> Data for review:
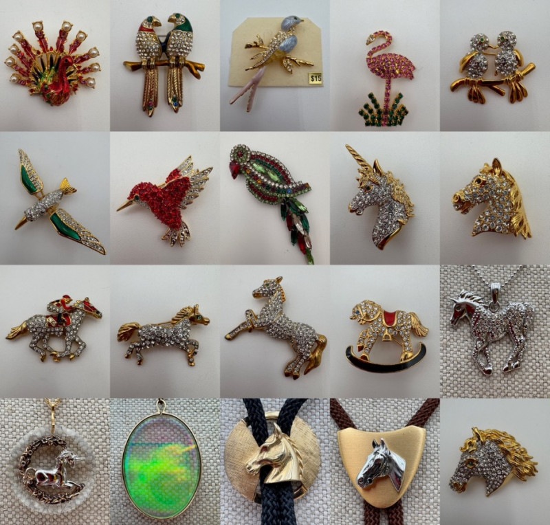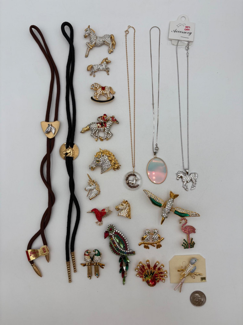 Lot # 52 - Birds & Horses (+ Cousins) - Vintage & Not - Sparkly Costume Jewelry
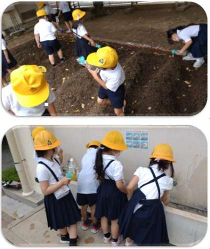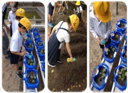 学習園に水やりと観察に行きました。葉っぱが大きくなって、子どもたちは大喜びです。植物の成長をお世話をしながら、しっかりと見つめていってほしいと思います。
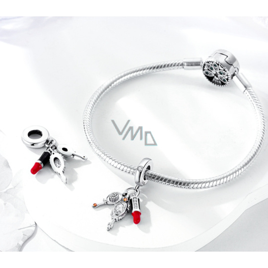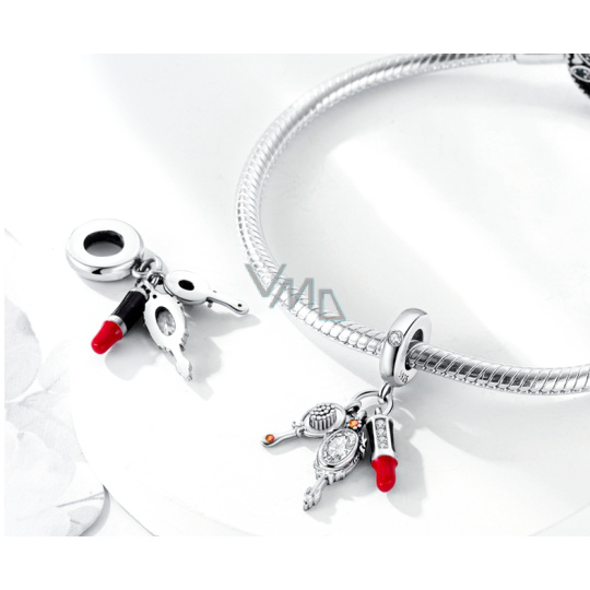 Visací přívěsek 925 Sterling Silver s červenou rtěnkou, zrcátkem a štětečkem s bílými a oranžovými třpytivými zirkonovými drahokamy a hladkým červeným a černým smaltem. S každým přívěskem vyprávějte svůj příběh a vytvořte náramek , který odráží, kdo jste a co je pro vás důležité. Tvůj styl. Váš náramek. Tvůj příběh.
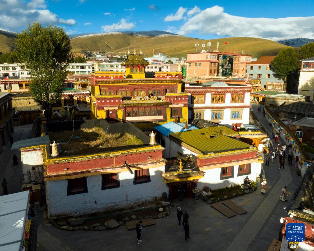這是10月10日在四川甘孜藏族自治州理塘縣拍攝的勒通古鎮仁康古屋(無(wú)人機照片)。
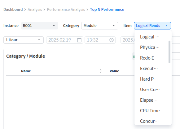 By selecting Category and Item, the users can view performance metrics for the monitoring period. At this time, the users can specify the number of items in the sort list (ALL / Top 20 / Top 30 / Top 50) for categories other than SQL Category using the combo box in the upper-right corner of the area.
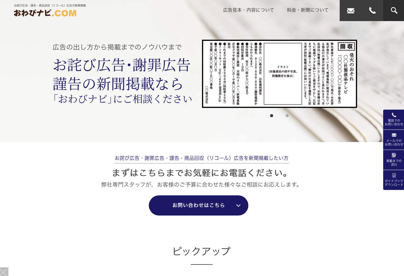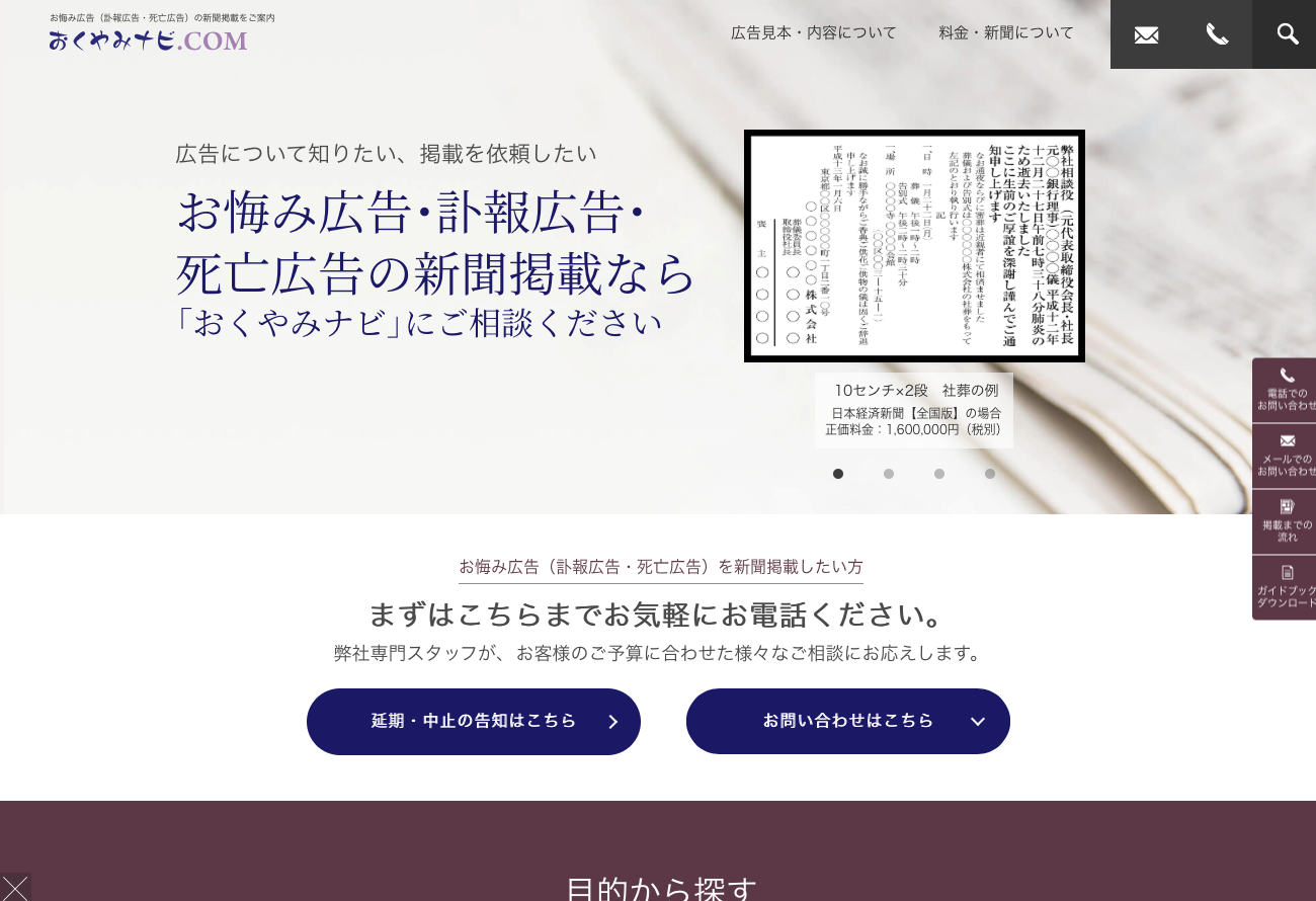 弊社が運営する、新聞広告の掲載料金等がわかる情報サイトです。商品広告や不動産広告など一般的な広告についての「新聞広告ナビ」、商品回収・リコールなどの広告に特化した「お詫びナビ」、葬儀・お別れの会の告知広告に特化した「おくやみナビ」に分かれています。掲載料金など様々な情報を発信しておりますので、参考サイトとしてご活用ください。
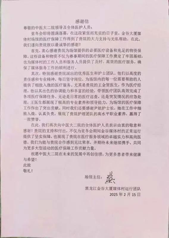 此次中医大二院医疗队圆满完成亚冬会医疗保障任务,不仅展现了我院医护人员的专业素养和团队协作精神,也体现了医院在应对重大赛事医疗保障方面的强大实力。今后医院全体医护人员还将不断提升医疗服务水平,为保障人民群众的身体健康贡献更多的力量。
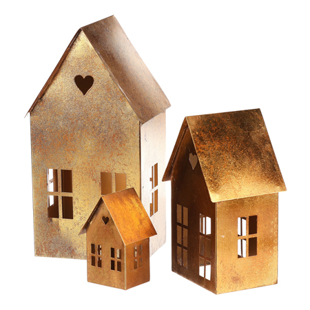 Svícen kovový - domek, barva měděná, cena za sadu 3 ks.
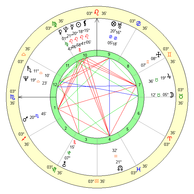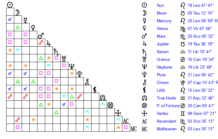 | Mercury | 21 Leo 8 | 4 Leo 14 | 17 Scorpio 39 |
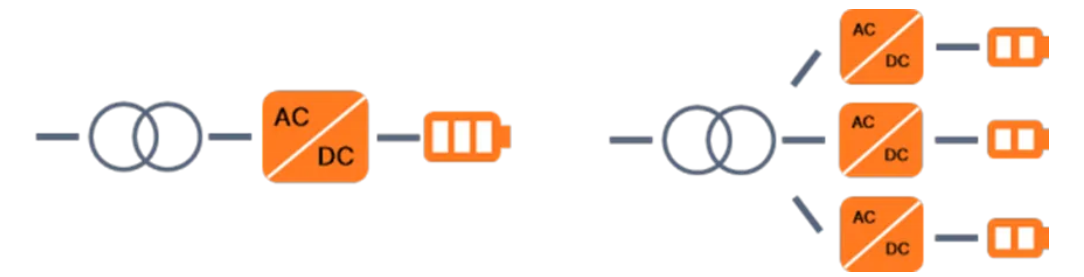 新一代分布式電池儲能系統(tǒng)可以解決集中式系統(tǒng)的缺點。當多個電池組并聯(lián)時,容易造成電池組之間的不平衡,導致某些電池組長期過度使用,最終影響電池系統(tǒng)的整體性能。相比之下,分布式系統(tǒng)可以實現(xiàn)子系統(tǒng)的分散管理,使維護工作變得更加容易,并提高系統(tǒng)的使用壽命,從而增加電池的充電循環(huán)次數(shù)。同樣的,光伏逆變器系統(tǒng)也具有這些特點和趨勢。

==

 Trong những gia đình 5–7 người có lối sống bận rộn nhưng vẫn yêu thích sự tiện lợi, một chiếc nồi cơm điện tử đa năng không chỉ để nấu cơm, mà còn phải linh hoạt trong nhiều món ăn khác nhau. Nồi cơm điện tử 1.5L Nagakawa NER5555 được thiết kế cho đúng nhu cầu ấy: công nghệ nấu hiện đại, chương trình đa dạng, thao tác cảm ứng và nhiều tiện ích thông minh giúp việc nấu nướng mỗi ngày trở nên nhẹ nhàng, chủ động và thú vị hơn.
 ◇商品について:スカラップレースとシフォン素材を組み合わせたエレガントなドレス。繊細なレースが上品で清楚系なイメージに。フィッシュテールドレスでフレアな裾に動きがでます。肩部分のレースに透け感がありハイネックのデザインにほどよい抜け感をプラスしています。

> Task: The reply should hold exactly the lines above, starting at the line with "学習園に水やりと観察に行きま" and ending at the line with "新一代分布式電池儲能系統(t", and no pictures.

> Solution to the exercise:
 学習園に水やりと観察に行きました。葉っぱが大きくなって、子どもたちは大喜びです。植物の成長をお世話をしながら、しっかりと見つめていってほしいと思います。
 Visací přívěsek 925 Sterling Silver s červenou rtěnkou, zrcátkem a štětečkem s bílými a oranžovými třpytivými zirkonovými drahokamy a hladkým červeným a černým smaltem. S každým přívěskem vyprávějte svůj příběh a vytvořte náramek , který odráží, kdo jste a co je pro vás důležité. Tvůj styl. Váš náramek. Tvůj příběh.
這是10月10日在四川甘孜藏族自治州理塘縣拍攝的勒通古鎮仁康古屋(無(wú)人機照片)。
 By selecting Category and Item, the users can view performance metrics for the monitoring period. At this time, the users can specify the number of items in the sort list (ALL / Top 20 / Top 30 / Top 50) for categories other than SQL Category using the combo box in the upper-right corner of the area.
 弊社が運営する、新聞広告の掲載料金等がわかる情報サイトです。商品広告や不動産広告など一般的な広告についての「新聞広告ナビ」、商品回収・リコールなどの広告に特化した「お詫びナビ」、葬儀・お別れの会の告知広告に特化した「おくやみナビ」に分かれています。掲載料金など様々な情報を発信しておりますので、参考サイトとしてご活用ください。
 此次中医大二院医疗队圆满完成亚冬会医疗保障任务,不仅展现了我院医护人员的专业素养和团队协作精神,也体现了医院在应对重大赛事医疗保障方面的强大实力。今后医院全体医护人员还将不断提升医疗服务水平,为保障人民群众的身体健康贡献更多的力量。
 Svícen kovový - domek, barva měděná, cena za sadu 3 ks.
 | Mercury | 21 Leo 8 | 4 Leo 14 | 17 Scorpio 39 |
 新一代分布式電池儲能系統(tǒng)可以解決集中式系統(tǒng)的缺點。當多個電池組并聯(lián)時,容易造成電池組之間的不平衡,導致某些電池組長期過度使用,最終影響電池系統(tǒng)的整體性能。相比之下,分布式系統(tǒng)可以實現(xiàn)子系統(tǒng)的分散管理,使維護工作變得更加容易,并提高系統(tǒng)的使用壽命,從而增加電池的充電循環(huán)次數(shù)。同樣的,光伏逆變器系統(tǒng)也具有這些特點和趨勢。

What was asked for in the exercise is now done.